Perché molti sentieri nei boschi svizzeri sono asfaltati. Probabilmente sarebbe
comodo per chi, come me, gira in bicicletta, se non fosse per il fatto che un
cartello “bike verboten” sbarra la strada. Gli svizzeri nutrono una vera
passione per i cartelli “verboten”. Verboteggiano su tutto e, dove il cartello
manca, c’è comunque un elenco di regole e comportamenti da tenere. C’è un
pensiero che mi infastidisce parecchio, mentre mi sento un po’stracciona e
fuori posto, slalomando tra i loro cartelli “verboten”: è il pensiero che mi fa
guardare con un po’di sospetto le loro banche blindatissime e che riguarda la
provenienza di tanto loro agio… In ogni modo, i cartelli in Svizzera sono
ovunque: cartelli con i nomi delle strade, con i nomi dei sentieri, con il
numero civico del fienile. Purchè ogni bivio abbia il suo cartello, si
accontentano di piantare due frecce in direzioni divergenti, senza alcuna
indicazione sopra. Giuro: l’ho visto! In questi cartelli raramente ho notato
qualche suggerimento sul tempo di percorrenza. Probabilmente perché uno
svizzero non reggerebbe l’idea di inserire un’indicazione approssimativa e
nessun buon cittadino oserebbe percorrere un sentiero impiegando un minuto di più
o un minuto di meno rispetto alla cifra scritta sopra il cartello indicatore.
L’assenza dei tempi di percorrenza non è una mancanza da poco, a meno di non
essere dotati di costosissime cartine svizzere, pagate con costosissimi franchi
svizzeri, dalle quali, attraverso qualche calcolo sulle curve di livello e
poche facili equazioni, si può dedurre l’incognita “tempo”.

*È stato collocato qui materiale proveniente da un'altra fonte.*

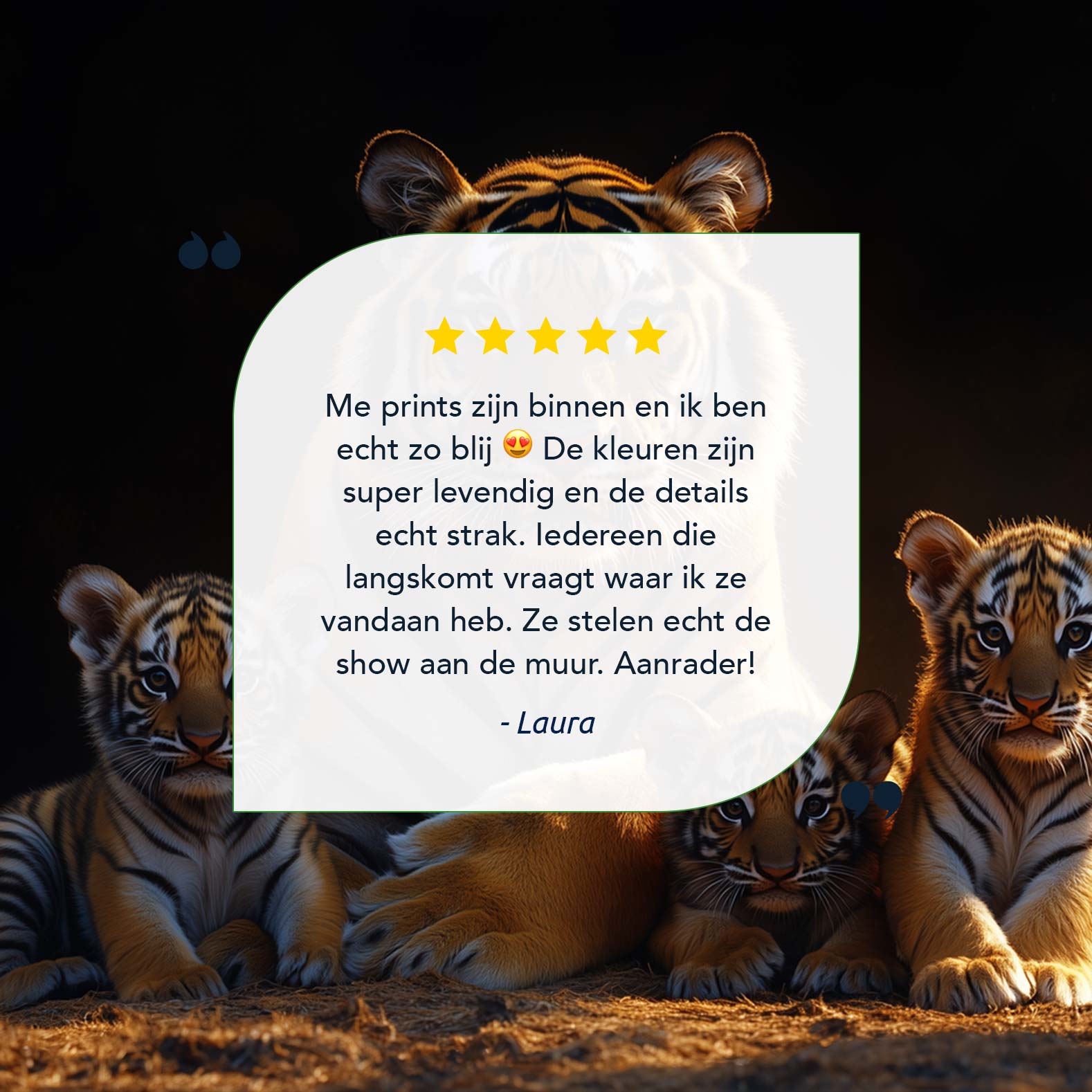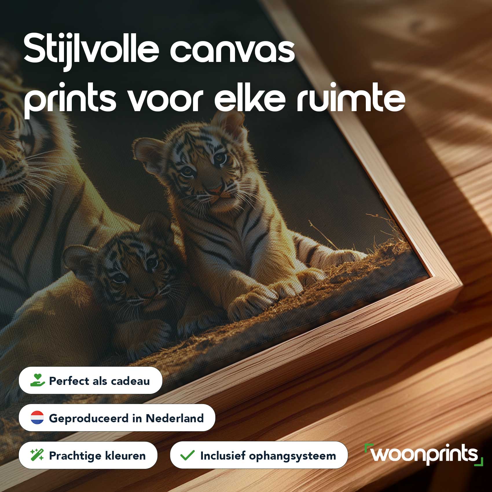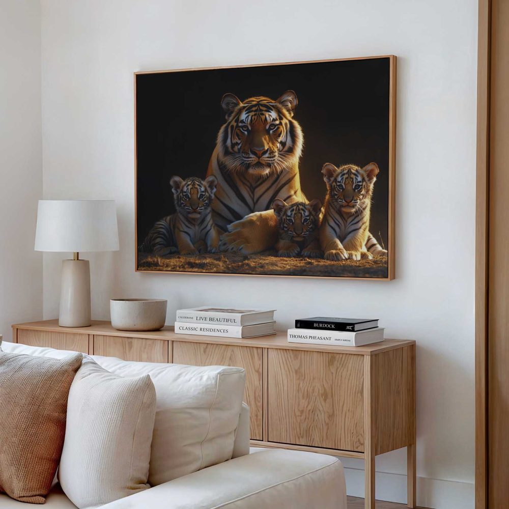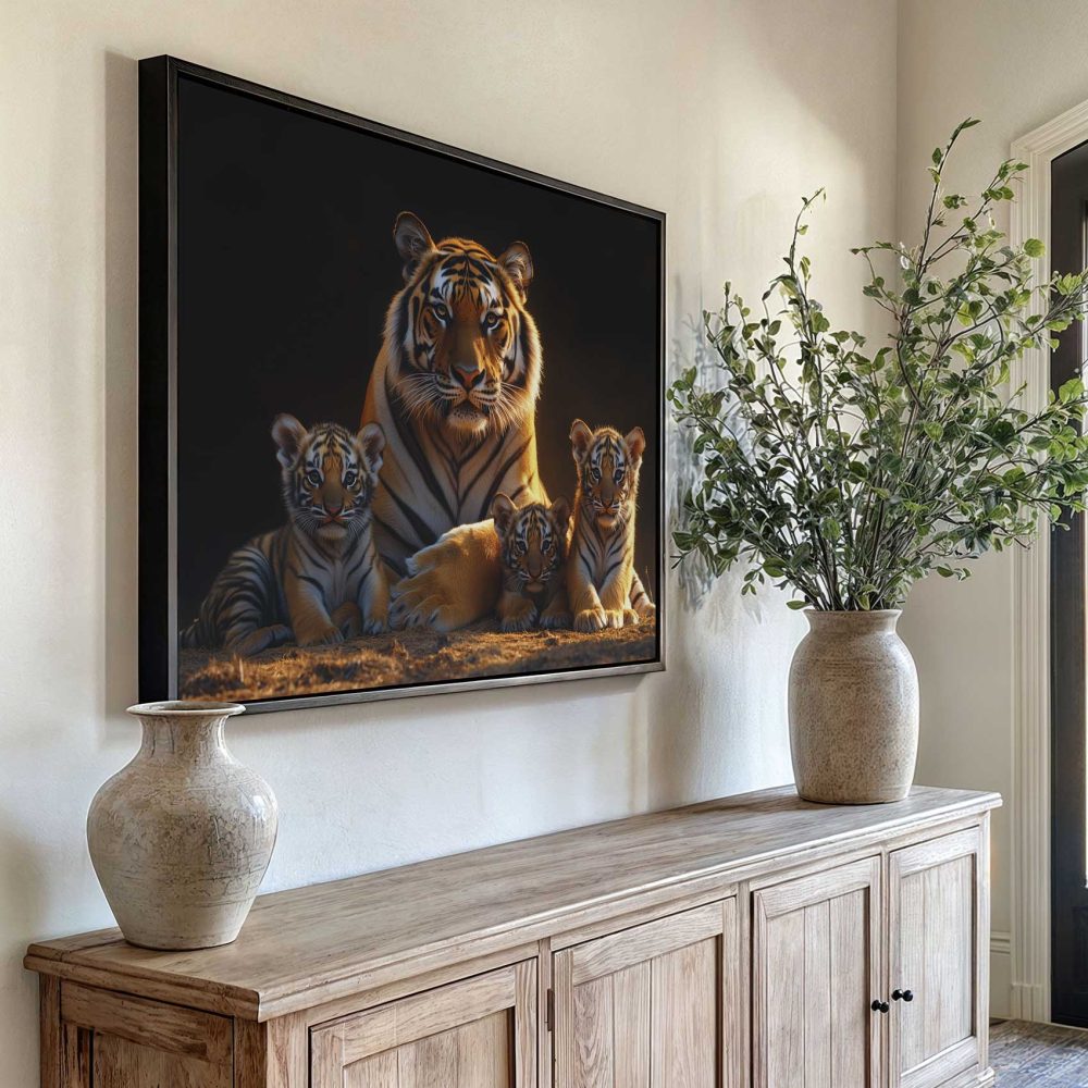 Terug naar collectie / Schilderijen / Dieren Schilderij / Rustige tijgerfamilie in schemer
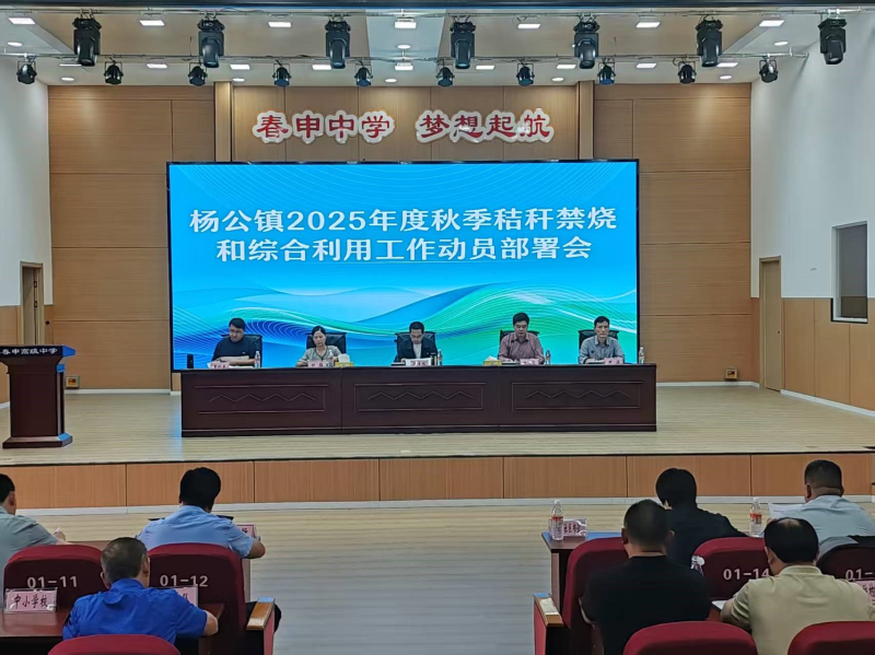 为扎实推进2025年度秋季秸秆禁烧和综合利用工作,筑牢生态环境保护防线,9月30日下午,杨公镇在春申中学报告厅召开专题动员部署会议。镇党委副书记、镇长柏沛文主持会议,镇机关全体工作人员、村社区“两委”全体人员,以及杨公派出所、城市管理行政执法杨公中队、各中小学校、托育机构、保洁公司代表等参会,凝聚多方力量共同擘画秋季秸秆禁烧工作蓝图。
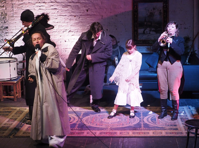 Пересечение «американской» и «русской» линий спектакля происходит как бы исподволь еще и в музыкальной, очень значительной части спектакля. И если поначалу медные духовые накладываются на минусовку откуда-то из-за кулис, то позже оказывается, что Живаго, Павел, Священник и многие другие персонажи спектакля готовы взять в руки трубу, тромбон, валторну и поддержать изливающего свои страдания Квентина.
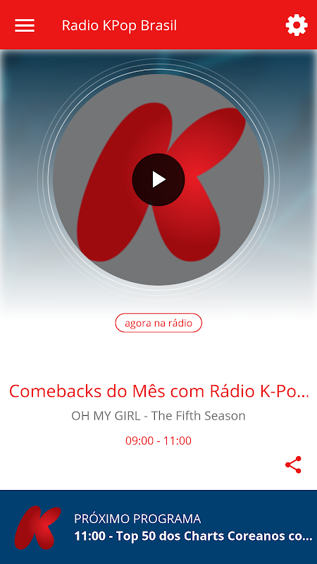 Aplicativo da Rádio K-POP Brasil. Instale nosso aplicativo para acompanhar as transmissões da rádio, ver imagens AO VIVO através de nosso estúdio e também entrar em contato conosco pedindo músicas e deixando recados. Você também pode checar a programação completa da nossa rádio, ou interagir através de nosso chat.
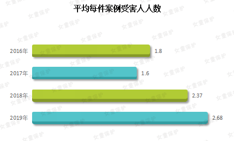 “女童保护”统计发现,2019年案例总数虽然相比往年相对较低,但平均每起案例受害儿童2.68人,高于2018年的2.37人、2017年的1.60人和2016年的1.80人。在301起案例中,受害人3人以上(包含3人,类似数据表述下同)的案例78起,占比25.91%;受害人5人以上的案例34起,占比11.30%;受害人10人以上的案例17起,占比5.65%。
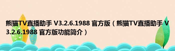 熊猫TV直播助手 V3.2.6.1988 官方版(熊猫TV直播助手 V3.2.6.1988 官方版功能简介)
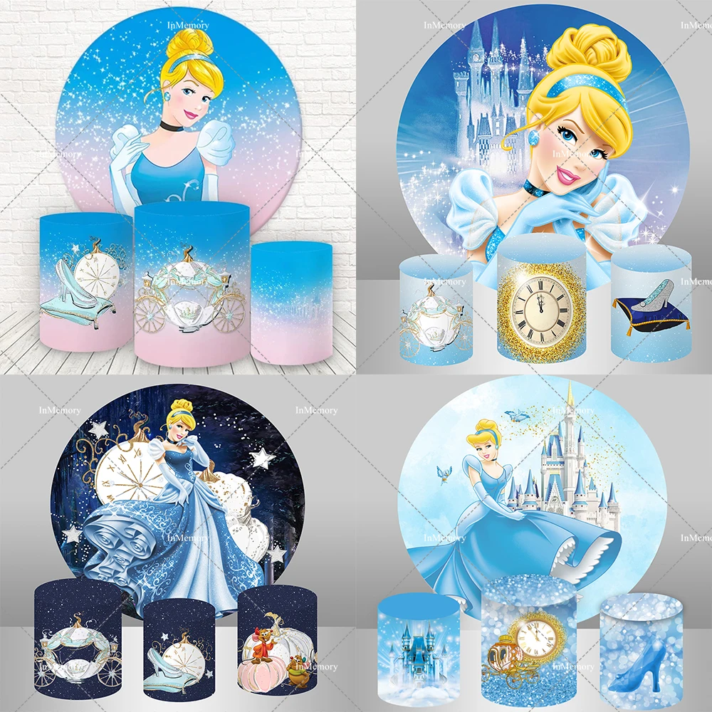 Princess Cinderella Girl Birthday Round Circle Backdrops Cover Blue theme Castle Photo Background Party Decoration Supplies

Un’altra cosa che non ho visto spesso in giro sono le
fontane. Non è la siccità il problema: nessun laghetto svizzero o torrente
svizzero oserebbe ridurre i suoi confini prestabiliti e segnati premurosamente
sulle cartine, per un motivo banale come la siccità. Credo che il motivo sia da
ricercare nei… “ristori” (quello che da noi si chiama “rifugio” è fatto
diverso!). A 3mila metri di quota, quando la gola è completamente rinsecchita
per sete, fame e fatica, appare come un miraggio un grand hotel con terrazza
panoramica, tavoli da bar protetti da enormi vetrate frangivento, una stazione
ferroviaria del trenino a cremagliera, un tizio che suona il corno e signorine
in costume che girano tra i tavoli con un panciuto e tintinnante borsello in
cuoio appeso in cintura. Pensando ad un miraggio dei più fantasiosi, si
impegnano le ultime energie per correre in bagno pensando di prosciugare le
sorgenti. Se la porta del bagno non è a gettone, riusciamo ad entrare e per
associazione di idee pensiamo al bagno di casa nostra, ripromettendoci di
tenerlo un po’più in ordine e pulito; poi però, quando sentiamo il profumo
insistente che proviene da folti ciuffi di lavanda appena colta ci arrendiamo,
pensando che tanto non saremo mai all’altezza di un bagno svizzero e cerchiamo
finalmente il refrigerio del primo rubinetto libero. Ovviamente il cartello che
comincia con “Verboten” e che esprime in tutte le lingue (tranne l’italiano) il
concetto che quella non è acqua potabile ci infastidisce un po’, mentre si
cerca disperatamente la cellula fotoelettrica che fa scendere l’acqua in
automatico. Ci si arrende e si passa ai tavolini del bar, in cerca di qualcosa
da bere e da mangiare, contando gli spiccioli che sono sempre in numero troppo
esiguo rispetto a quanto le papille gustative sono già predisposte a sognare.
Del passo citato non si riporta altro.